#### MATERIAL FOR THIS TASK:
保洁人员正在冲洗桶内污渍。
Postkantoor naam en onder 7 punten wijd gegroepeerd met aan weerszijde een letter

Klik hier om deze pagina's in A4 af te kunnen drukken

==

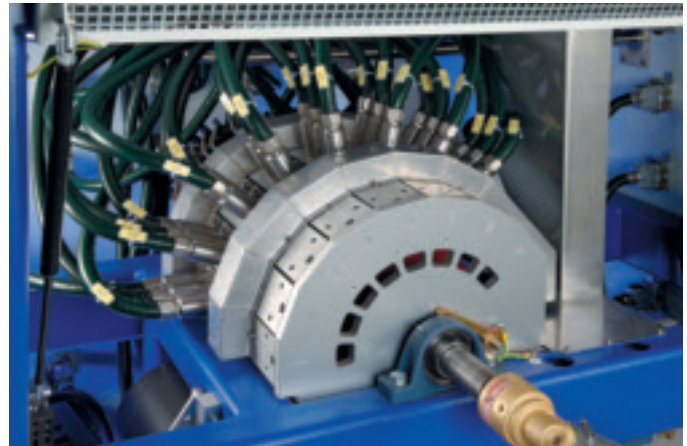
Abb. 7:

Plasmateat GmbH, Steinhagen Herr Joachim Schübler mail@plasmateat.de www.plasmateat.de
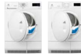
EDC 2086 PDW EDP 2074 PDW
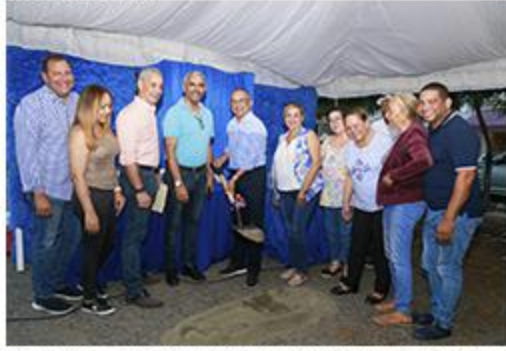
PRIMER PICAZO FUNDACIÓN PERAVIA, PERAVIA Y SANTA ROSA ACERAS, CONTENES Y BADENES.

==

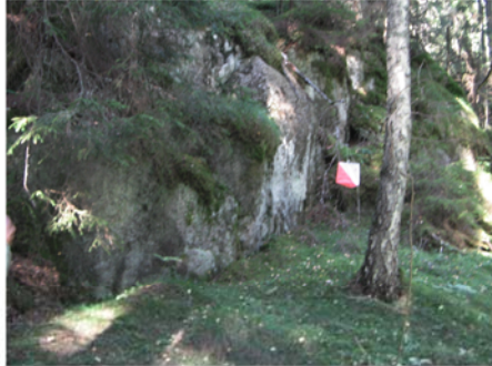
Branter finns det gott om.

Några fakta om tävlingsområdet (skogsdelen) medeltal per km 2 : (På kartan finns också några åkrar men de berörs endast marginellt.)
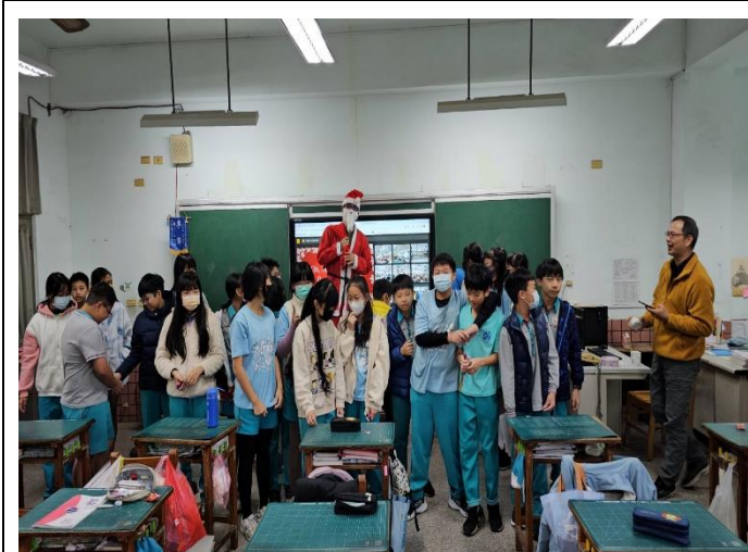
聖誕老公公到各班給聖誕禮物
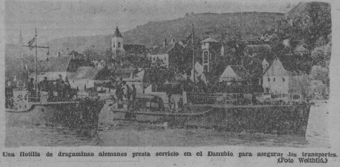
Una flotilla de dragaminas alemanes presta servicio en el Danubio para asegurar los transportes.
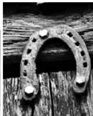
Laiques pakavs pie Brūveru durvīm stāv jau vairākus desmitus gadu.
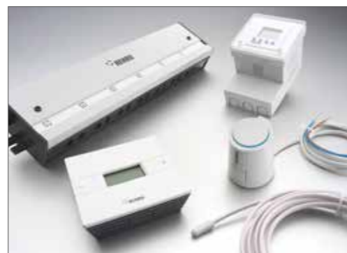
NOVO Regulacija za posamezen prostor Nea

#### WHAT YOU HAVE TO DO:
Pick out every line of the listing containing the word "finns", and show those lines.

#### TASK RESULT:
Branter finns det gott om.
Några fakta om tävlingsområdet (skogsdelen) medeltal per km 2 : (På kartan finns också några åkrar men de berörs endast marginellt.)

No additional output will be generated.